Google this week launched an enterprise edition of its managed Google Kubernetes Engine (GKE) service through which it will manage fleets of clusters in addition to applying customer configurations and policy guardrails.
GKE Enterprise was announced at the Google Cloud Next 2023 conference. In addition to making it easier to isolate workloads, GKE Enterprise makes available security services, including workload vulnerability insights, governance and policy controls and a managed service mesh based on open source Istio software that Google initially co-developed.
GKE Enterprise has been integrated with Google Distributed Cloud, an integrated platform based on software and hardware from Google that enables IT teams to deploy applications distributed across public clouds and on-premises IT environments.
Finally, Google announced that GKE Enterprise also now supports Cloud TPU v5e instances to make it simpler to deploy complex artificial intelligence (AI) models on Kubernetes clusters. Google has been making a case for adopting its TPU ASIC to run neural networks to train generative AI applications.
Google and NVIDIA this week also announced the general availability of its latest A3 instances, powered by NVIDIA H100 Tensor Core graphical processor units. (GPUs).

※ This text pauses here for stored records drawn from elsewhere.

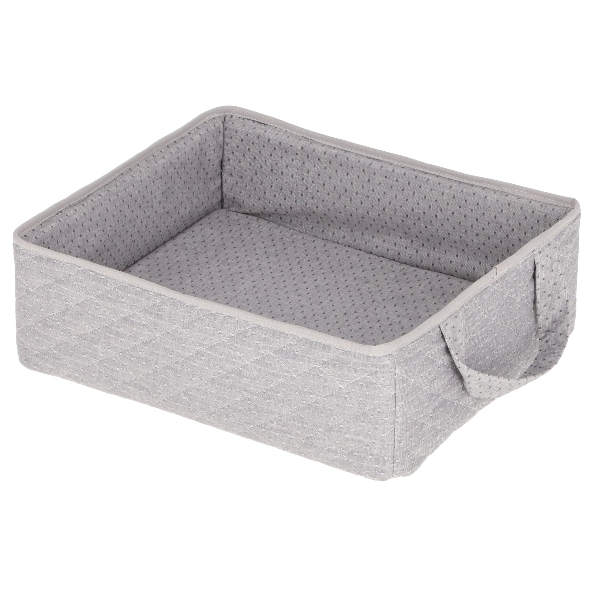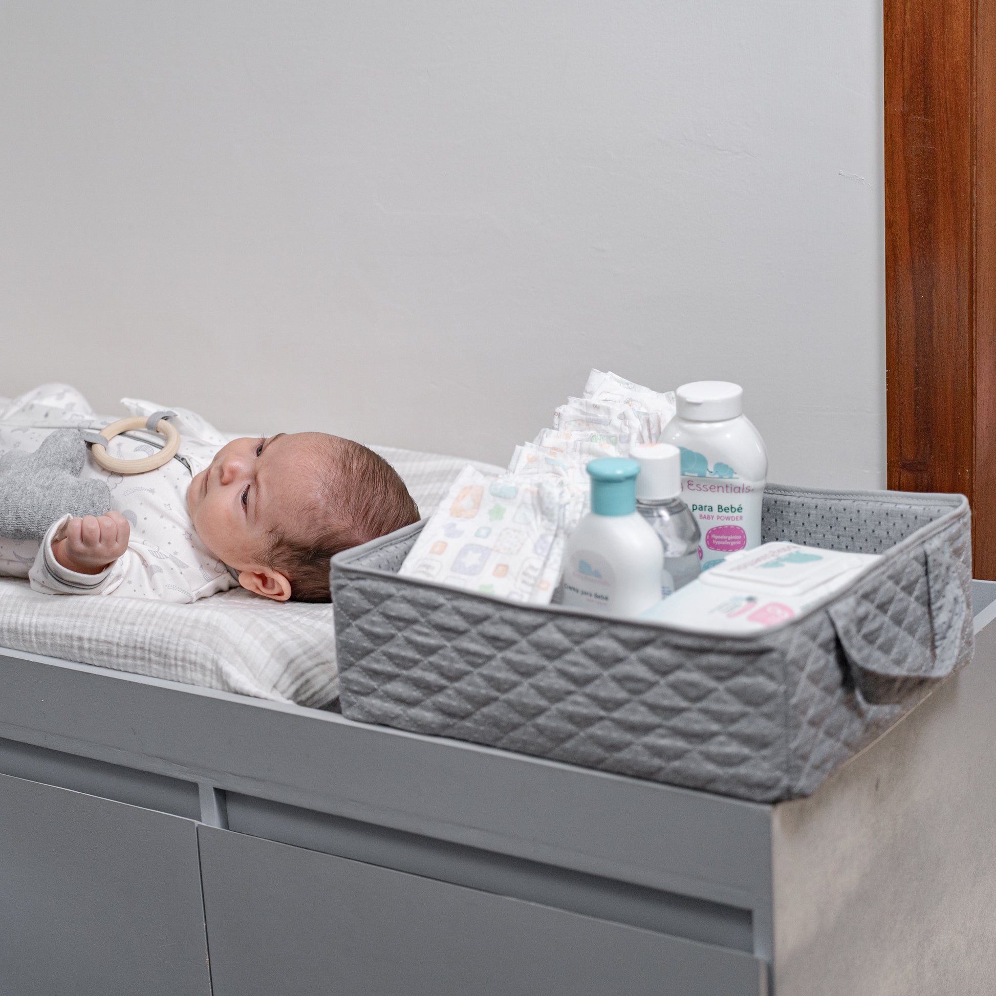 1. Cesto multiusos de tela capitonada gris con 2 asas 36 x 26 x 10 cm. Ideal para la cómoda para organizar los pañales, cremitas y toallitas húmedas. Interior de plástico para su fácil lavado.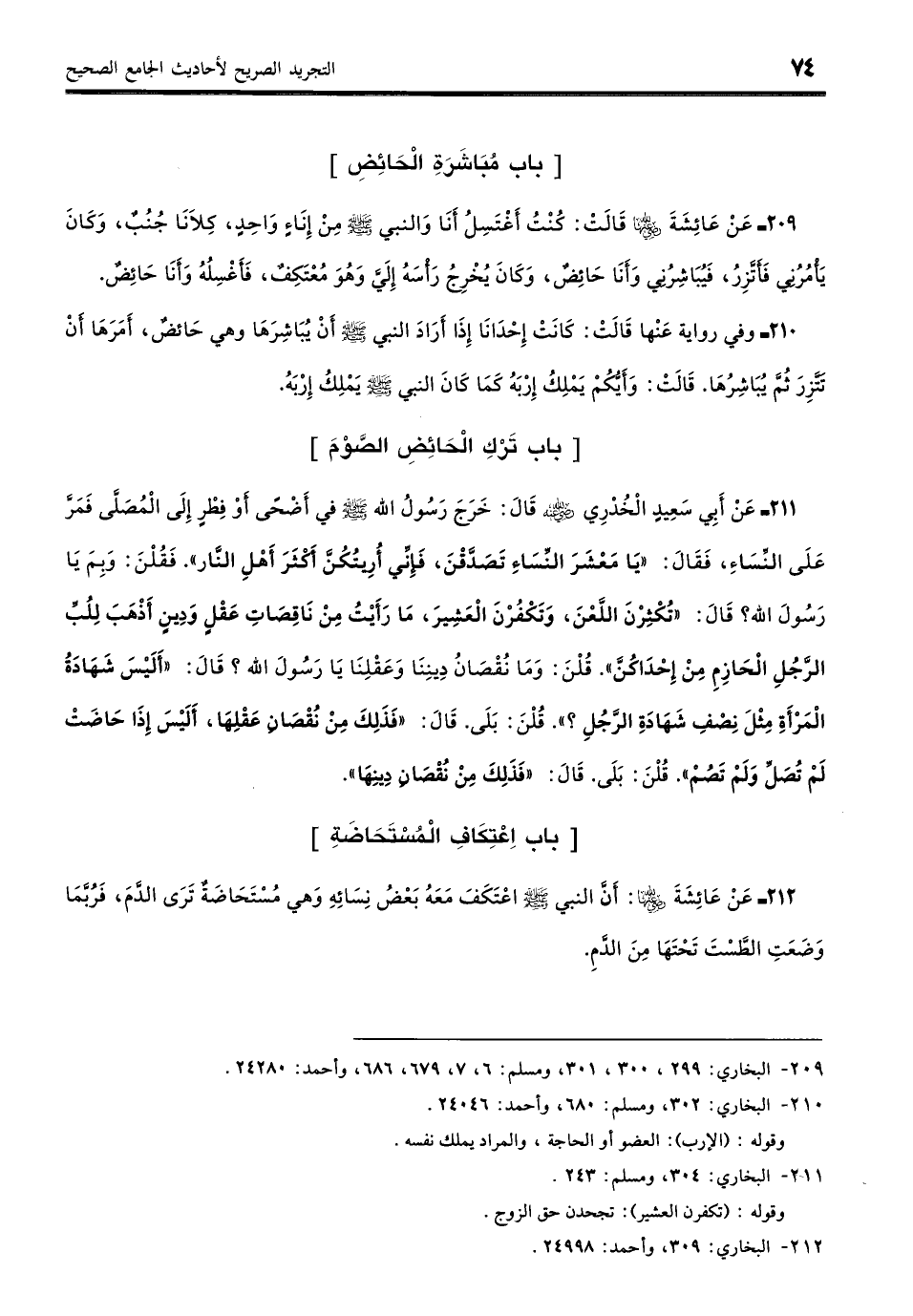 210 - وَفِيْ رِوَايَةٍ عَنْهَا - رضي الله عنها - قَالَتْ: كَانَتْ إِحْدَانَا إِذَا كَانَتْ حَائِضًا فَأَرَادَ رَسُولُ اللَّهِ - صلى الله عليه وسلم - أَنْ يُبَاشِرَهَا أَمَرَهَا أَنْ تَتَّزِرَ فِي فَوْرِ حَيْضَتِهَا ثُمَّ يُبَاشِرُهَا، قَالَتْ: وَأَيُّكُمْ يَمْلِكُ إِرْبَهُ كَمَا كَانَ النَّبِيُّ - صلى الله عليه وسلم - يَمْلِكُ إِرْبَهُ. (بخاري: 302)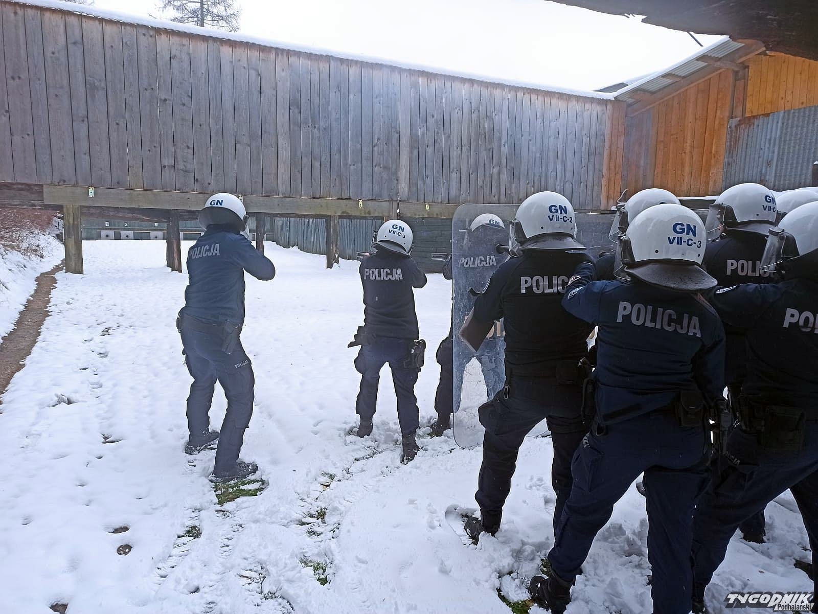 Ćwiczenia z zakresu taktyki działań podczas zbiorowego zakłócenia porządku publicznego zorganizowano 28 listopada w Miejskiej Hali Lodowej w Nowym Targu. Głównym celem ćwiczeń było doskonalenie umiejętności, wypracowanie form i metod skutecznego działania przy rozwiązywaniu sytuacji kryzysowej. Podczas prowadzonych zajęć swoje umiejętności doskonalili policjanci z Komendy Powiatowej Policji w Nowym Targu, Komendy Powiatowej Policji w Zakopanem oraz Komendy Powiatowej Policji w Myślenicach wchodzący w skład VII Kompanii Nieetatowych Pododdziałów Prewencji Policji (NPP) KWP w Krakowie.

Thomas Kurian, CEO for Google Cloud, told conference attendees that Google is already making extensive use of NVIDIA GPUs to train the foundational models that drive its generative AI models.
NVIDIA CEO Jensen Huang added that generative AI is revolutionizing every layer of the computing stack. The two companies are working together to reengineer cloud infrastructure to optimize it for generative AI models, he added.

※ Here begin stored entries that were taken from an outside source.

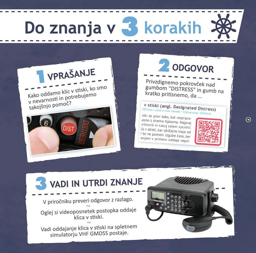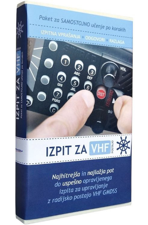 Najhitrejša in najlažja pot do uspešno opravljenega izpita za upravljanje z radijsko postajo VHF GMDSS!Paket za samostojno učenje po korakih vsebuje:- knjigo “Priprava na izpite za čoln – Vprašanja z odgovori”,- knjigo “Priročnik za upravljanje z radijsko postajo VHF GMDSS” z vključenimi videovsebinami,- kodo za dostop do VHF GMDSS simulatorja,- obrazce in navodila za prijavo na izpit za VHF GMDSS. Preberite več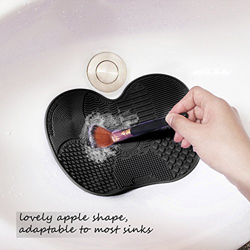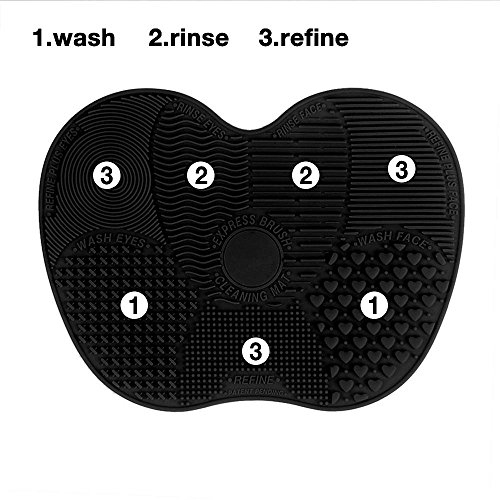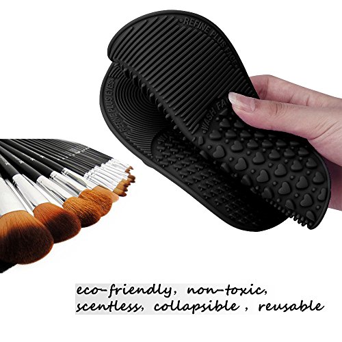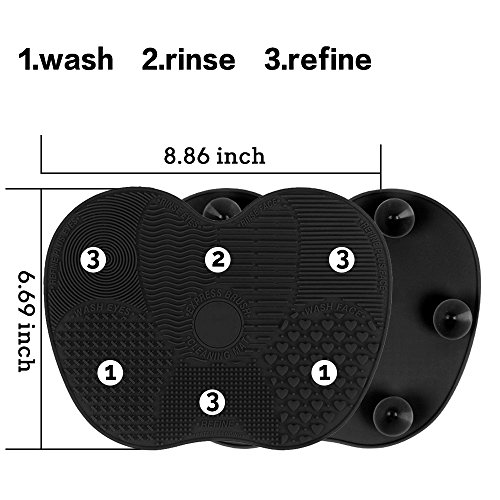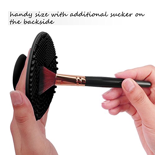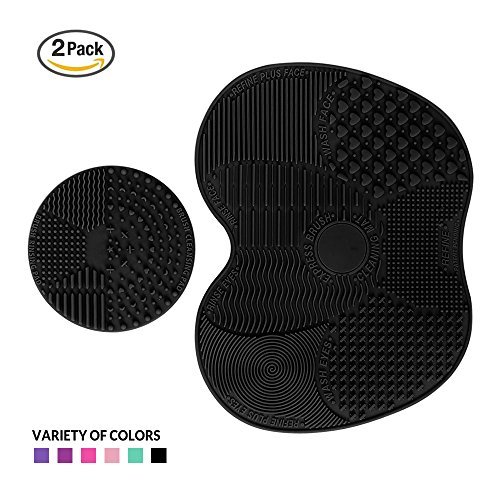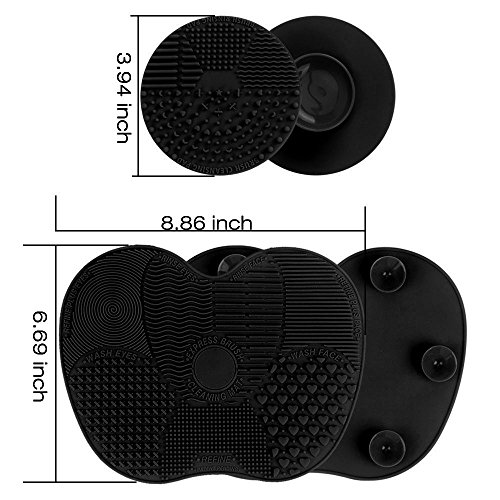 Makeup Brush Cleaning Mat, ESARORA Makeup Brush Cleaner Pad Set of 2 Cosmetic Brush Cleaning Mat Portable Washing Tool Scrubber Suction Cup (Black)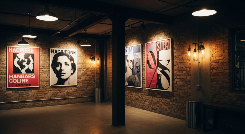 Oversized flyer-inspired prints anchor the room visually.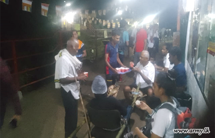 In response to a request from University of Moratuwa students and visually impaired individuals, under the guidance of Major General S.R.B Aluvihare RWP RSP VSP, the Commander of the Security Forces - Central, the 19 Sri Lanka National Guard (19 SLNG) provided accommodations and meals during their pilgrimage to historical Adam's Peak from 01 May 2024 to 02 May 2024.

It’s not clear whether cloud-native computing platforms such as Kubernetes are at the core of building and deploying AI models. At the very least, almost every cloud-native application will need to invoke multiple AI models via application programming interfaces (APIs). Inevitably, that will introduce some orchestration challenges that platforms such as Kubernetes are meant to address.
In the meantime, each organization will need to decide whether they prefer to manage Kubernetes clusters themselves or rely on a managed service that enables them to devote more resources to the development of applications and AI models. The tradeoff, historically, has been the limitations that managed services have imposed on DevOps workflows that tend to be fairly unique within each organization.

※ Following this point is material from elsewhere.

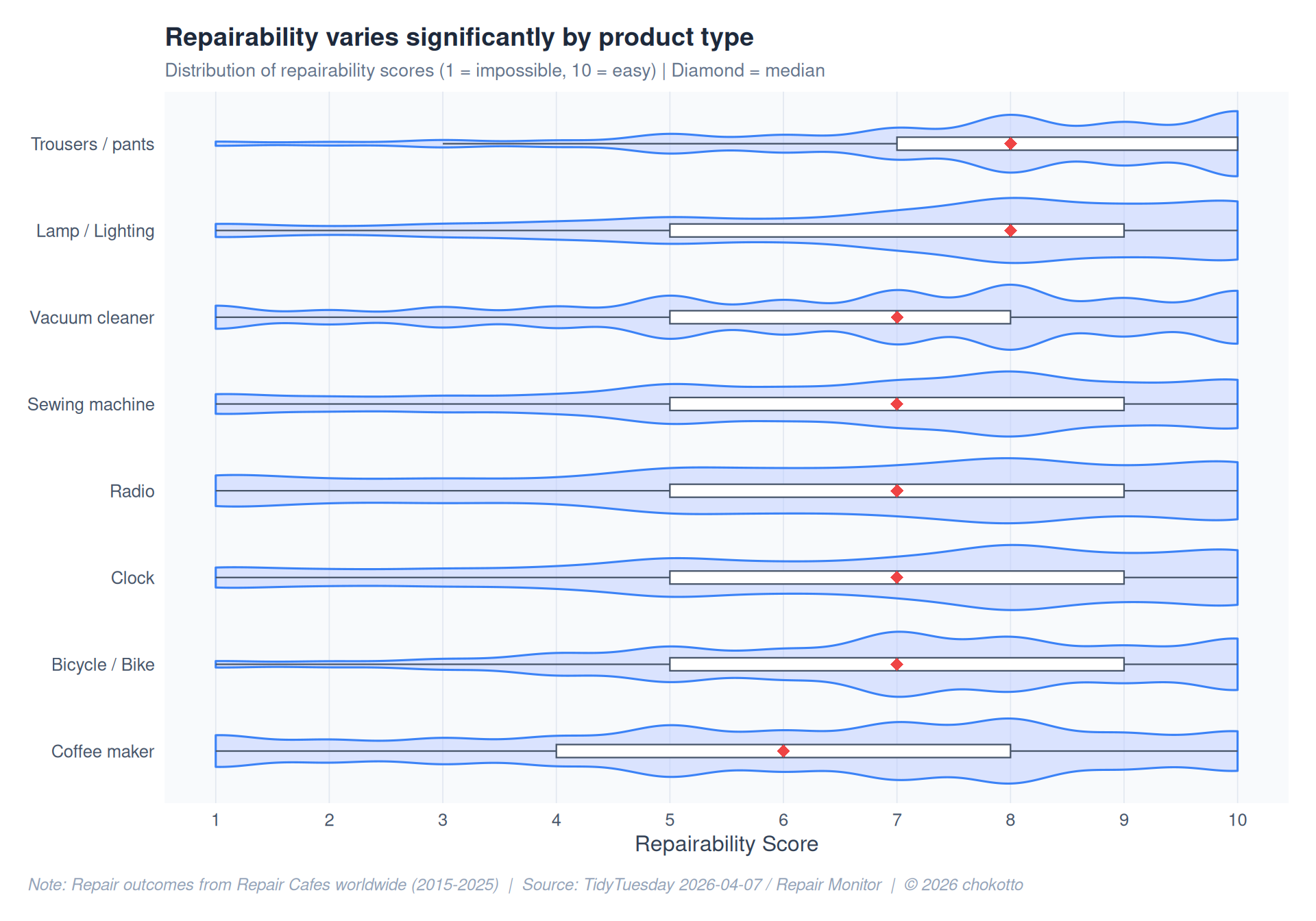 subtitle = "Distribution of repairability scores (1 = impossible, 10 = easy) | Diamond = median",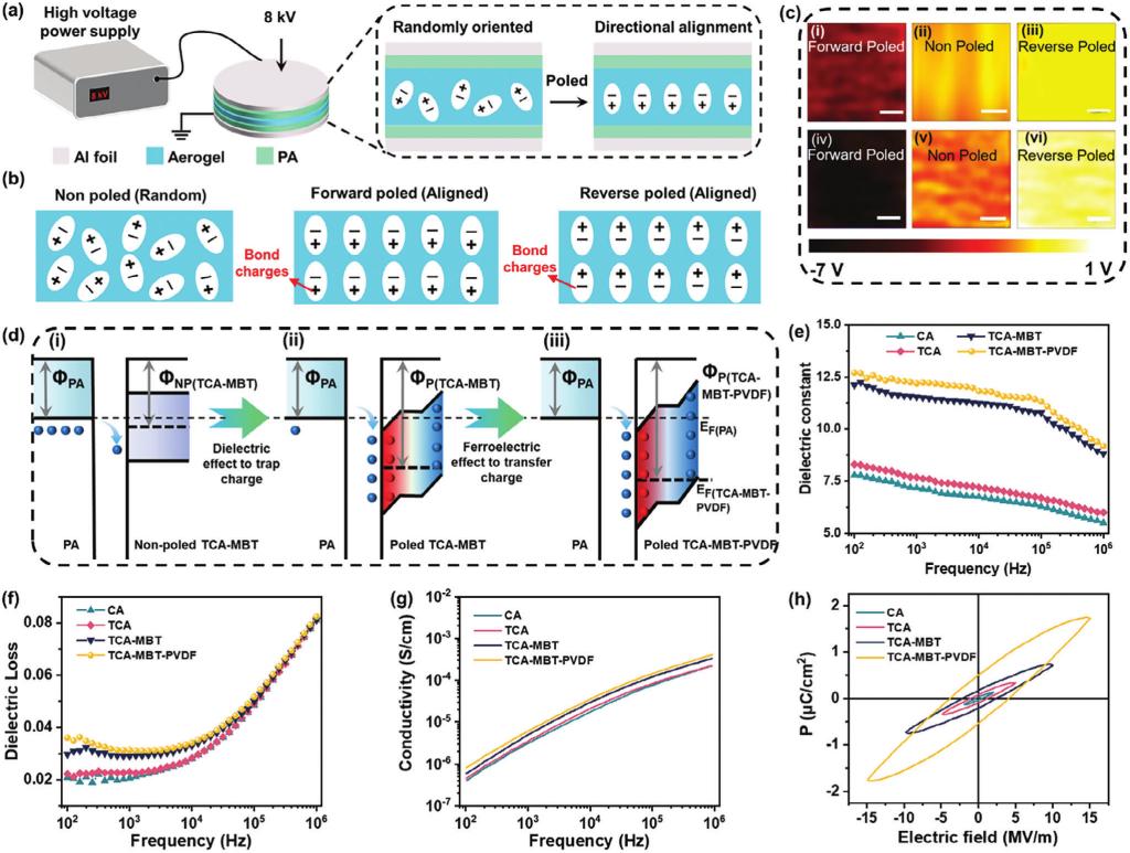图2 (a)纤维素基TENG的极化处理示意图。(b)不同极化条件下偶极子变化示意图和KPFM图像。(d)摩擦电材料表面之间的电荷转移行为示意图及其相应的能带修正。(e-h)材料介电常数、介电损耗、交流电导率、P-E磁滞回线

Of course, in the case of Kubernetes, the expertise required to manage these platforms is still hard to find and retain. As AI advances continue, it’s only a matter of time before more infrastructure management tasks are automated. It remains to be seen how quickly internal IT teams will benefit from the advances compared to a managed service provider that also happens to build and host the large language models (LLMs) used to create AI models.
Regardless of the outcome, it’s clear that many of the tasks that once made Kubernetes clusters challenging to manage are being automated due to higher levels of abstraction.